Yes, so what's 1/that?

15. Feb 3, 2009

### woox

x^2/[(-16x^2)+4] ?

16. Feb 3, 2009

### NoMoreExams

Yes, although I would write it as

$$\frac{x^2}{4-16x^2}$$

17. Feb 3, 2009

### woox

Cool, and for the second one I think i figured it out:

f = 2(x-2)/(x+2) and g = 4(x^2 - 4) = 4(x-2)(x+2)

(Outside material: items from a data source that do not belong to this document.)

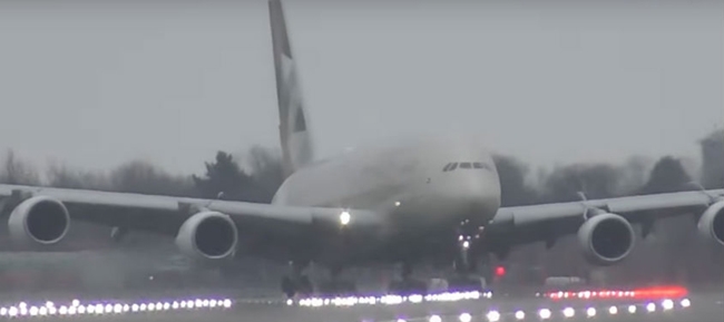 ലണ്ടനിലെ ഹീത്രൂ വിമാനത്താവള പ്രദേശത്ത് ശക്തിയിൽ വീശിയ ക്രോസ് വിൻഡാണ് വിമാനങ്ങളുടെ ലാൻഡിങ് ബുദ്ധിമുട്ടിലാക്കിയത്. വിമാനം ഏതാണ്ട് ലംബമായാണ് ലാൻഡിങ് നടത്തിയത്. ഇതിനിടെ റൺവേയിൽ നിന്ന് ഇടക്ക് പുറത്തേക്ക് പോകുന്നതും കാണാം.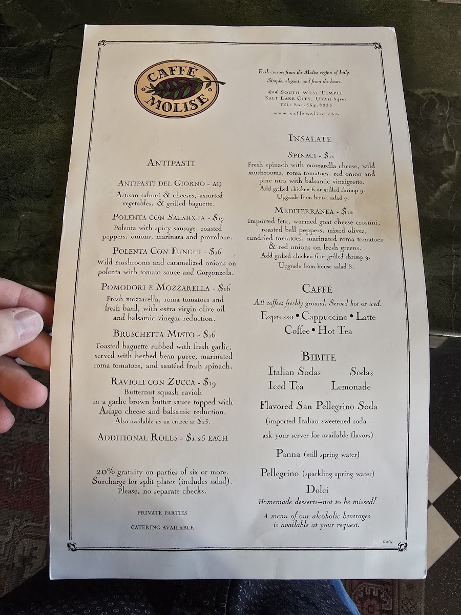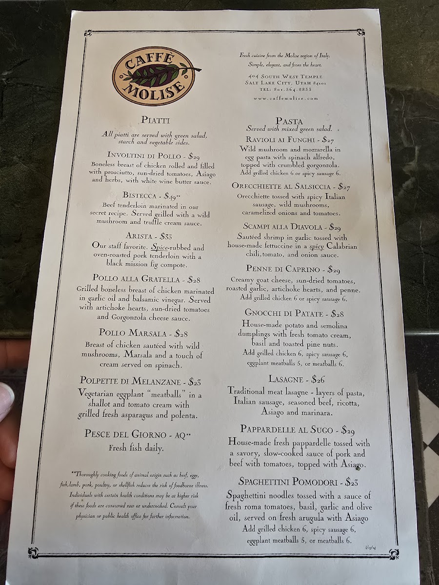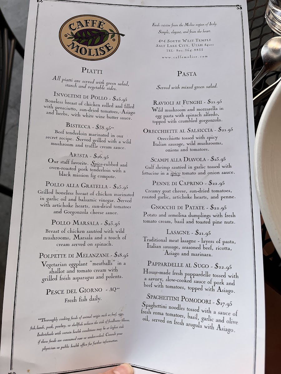 Welcome to Caffé Molise, a cornerstone of Italian cuisine nestled in the heart of Salt Lake City at 404 S W Temple St. This exquisite restaurant seamlessly combines a rich culinary tradition with a warm, inviting atmosphere that makes for an unforgettable dining experience.
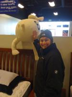 Sunday the woman and I went and bought a bed. She rides with the daughter of the owner of one of the big mattress stores so we used that contact to get a ~58% discount off retail, which puts it just a little cheaper than buying from one of the unknown places on line. Since she knows this is her only chance to buy bed stuff she wisely agreed to get an actual bed frame too (might as well use the discount for as much as possible). Now we'll have a real headboard and everything, just like adults! Delivery is supposed to be next Saturday. We didn't get a mattress associated with the counting sheep I don't think, but the woman wanted to pet one anyway. I think she knows they're not real...

We can factor out the x-2 and x+2, which gives us:
(x+2)(x-2)(-2)

I am not sure if I should multiple this out or leave it as is?

18. Feb 3, 2009

### NoMoreExams

No... you need to find a common denominator again!

19. Feb 3, 2009

### woox

f = 2(x-2)/(x+2) and g = 4(x-2)(x+2)

the common denominator would be (x+2) so:
2(x-2)-4(x-2)(x+2)(x+2)/(x+2)

now do I multiple variables together, and subtract likes leaving it over denominator? (That gave me this mess:

[(4x^3)+(8x^2)-14x+36]/(x+2)

)

20. Feb 3, 2009

### NoMoreExams

You need to use parantheses better, you mean

[2(x-2) - 4(x-2)(x+2)^2]/(x+2)

At this point I would factor out the terms that are common to both parts in the numerator.